I've been trying to figure out how to add a tilt pot, like the diode trick, that isn't affected by the rate knob.
In other words, if I've got the tilt pot maxed, and that gives me something like a ratio of 50:1 for rampup:rampdown time, I want it to be 50:1 no matter what the rate pot is.
I tried using a dual gang pot for rate, with one part for the normal rate pot, and the other in parallel with the tilt section. Both rate and tilt were 1M. I added a 10k resistor in parallel with the rate portion of the rate pot, and 2 k in series with the tilt portion of the rate pot. Also, in series with the whole thing is a 200 ohm. The cap in the oscillator is 10uF. These are just ideal values. Anyway, I wanted a max ratio of 50:1, and that seemed to give me 50:1 at both ends (Rforward/Rreverse). The only problem is that I figured out the function for the ratio, or duty, if that's the right word, and it's very non-linear. The function I'm getting, using kiloohms instead of ohms, with 1000k for tilt in one direction and 0 in the other direction, is Duty = 1 + (1000Rr + 2000)(Rr + 10) / [(Rr + 1002)(10.04Rr + 0.4)] , where Rr is the resistance set by the rate pot. That gave me lovely, perfect values at all the endpoints, nice range of rates, etc... but in between, it behaved horribly.
Does anyone have any ideas as to how to add a tilt pot without the duty set by this tilt pot being affected by the rate pot?
Do boxes with tilt controls, like the pulsar and catalinbread semaphore, behave this way, or do they just let you deal with the difference?
Thanks a lot!

gez

Don't really understand your post.  If you use the pot and 2 diodes trick then 'tilt' is independent of rate.
"They always say there's nothing new under the sun.  I think that that's a big copout..."  Wayne Shorter

varialbender

Hmmm.... let me try to think this through again.
The formula for rate in the oscillator I'm using is F=100/62(4*R*C)
My understanding is that the Duty cycle is Rforward/Rreverse.
For a 1M tilt pot, and 1M rate pot, with both maxed, you get Duty = (1M+1M)/(1M) = 2
Whereas when the rate pot is at half (0.5M) you get Duty = (1M+0.5M)/(0.5M) = 3
I'm hoping I'm wrong and you're right, and that you can point out my error(s).
Am I right in thinking that the Duty cycle is Rforward/Rreverse?
Anyway, I've breadboarded it, and I noticed that the Duty cycle varies with the rate pot, so unfortunately, I'm thinking I'm right here :(

gez

I haven't really read thru either of your posts in any detail as there's no point without a schematic, or at least an written outline of what the LFO is.  If you do that, I'm sure you'll get some help.
"They always say there's nothing new under the sun.  I think that that's a big copout..."  Wayne Shorter

Paul Perry (Frostwave)

I can't lay my hands on it, but isn't there a way with a couple of diodes and a pot? You have a triangle generator with a pot having the wiper divide it into a charge and a discharge resistor. The idea being, that charge time & discharge time are proportional to the relevant resistors, so total charge-discharge cycle is constant.

R.G.

50:1 is not simple, because the imperfections of simple circuitry become perceptible unless you go to more complex circuits. 10:1 is easily doable.

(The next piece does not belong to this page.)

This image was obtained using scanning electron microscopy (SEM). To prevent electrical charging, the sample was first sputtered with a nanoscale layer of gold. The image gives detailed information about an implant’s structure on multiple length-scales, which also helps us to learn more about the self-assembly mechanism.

To do this, one makes a standard integrator/schmitt trigger oscillator, but separates the up down integration voltage by feeding the output of the schmitt to the wiper of the duty cycle pot and taking the output of the duty cycle pot off the end lugs with two diodes, one feeding positive and the other negative to the speed pot. The speed pot can then be a series variable resistor or a voltage divider pot into a fixed single resistor into the integrator.

The + and - excursions out of the schmitt trigger are equal voltages and opposite polaraties around the schmitt reference, so the duty cycle is always the sum of the + and - integration times. In a stock setup, these are equal. But with diodes separating the polarities, you integrate faster one way than the other.

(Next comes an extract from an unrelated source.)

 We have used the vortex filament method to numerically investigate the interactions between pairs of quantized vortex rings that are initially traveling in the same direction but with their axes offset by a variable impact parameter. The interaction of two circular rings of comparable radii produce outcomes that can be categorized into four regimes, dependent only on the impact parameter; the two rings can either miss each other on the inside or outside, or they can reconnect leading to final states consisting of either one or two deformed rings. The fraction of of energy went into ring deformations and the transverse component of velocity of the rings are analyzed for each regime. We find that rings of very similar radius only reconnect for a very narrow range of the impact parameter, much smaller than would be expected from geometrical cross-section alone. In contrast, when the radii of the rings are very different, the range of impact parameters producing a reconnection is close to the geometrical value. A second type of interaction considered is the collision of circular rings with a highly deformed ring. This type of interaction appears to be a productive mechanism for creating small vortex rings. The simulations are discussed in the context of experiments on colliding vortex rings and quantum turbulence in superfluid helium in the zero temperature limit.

The imperfections of the pots and opamps are likely to show up if you want a real 50:1, so it takes some careful design to get to an accuracy which is imperceptable compared to 2% on the ends. Not impossible, as synths do this, but not trivial.
R.G.

In response to the questions in the forum - PCB Layout for Musical Effects is available from The Book Patch. Search "PCB Layout" and it ought to appear.

varialbender

Sorry, I tried to describe the circuit a bit, and would post a drawing, but I'm not on my home computer.
I'll post a picture of the circuit soon, hopefully.

R.G. and Paul, I'm not sure that I see the difference between the circuit you describe and the one I'm using.
Might you happen to have a picture of the circuit you're describing?
If not, you can tell me if they're the same when I post mine.
I'm not sure I understand why you're saying 50:1 would be difficult.
What would the error sound like?
Would it be close enough to sound good?
Would it only really be noticeable when it's oscillating in audio frequencies?
I'll try to search for some synth schematics, but can you think of any in particular that are worth checking out?

Thanks a lot


varialbender

I messaged Nick from Catalinbread, and he suggested I try adding a unity gain follower between the rate and tilt pot.
I'm not sure how that works, theory-wise. Anyone seen this before? Mind explaining it to me?
Thanks

Paul Perry (Frostwave)

thanks RG, that's exactly what I dimly remember! but, buggered if I can find an example on the web..

gez

Quote from: varialbender on July 06, 2006, 08:53:59 PM
I messaged Nick from Catalinbread, and he suggested I try adding a unity gain follower between the rate and tilt pot.
I'm not sure how that works, theory-wise. Anyone seen this before? Mind explaining it to me?
Thanks

If you have a series resistance between the schmidtt trigger and integrator controlling rate, it will make the falling slope of a tooth more gentle at lower rates.  Divide down the square with a smaller value pot than used for the 'tilt' control and it not only helps overcome this but can give a more 'linear' feel to the rate pot.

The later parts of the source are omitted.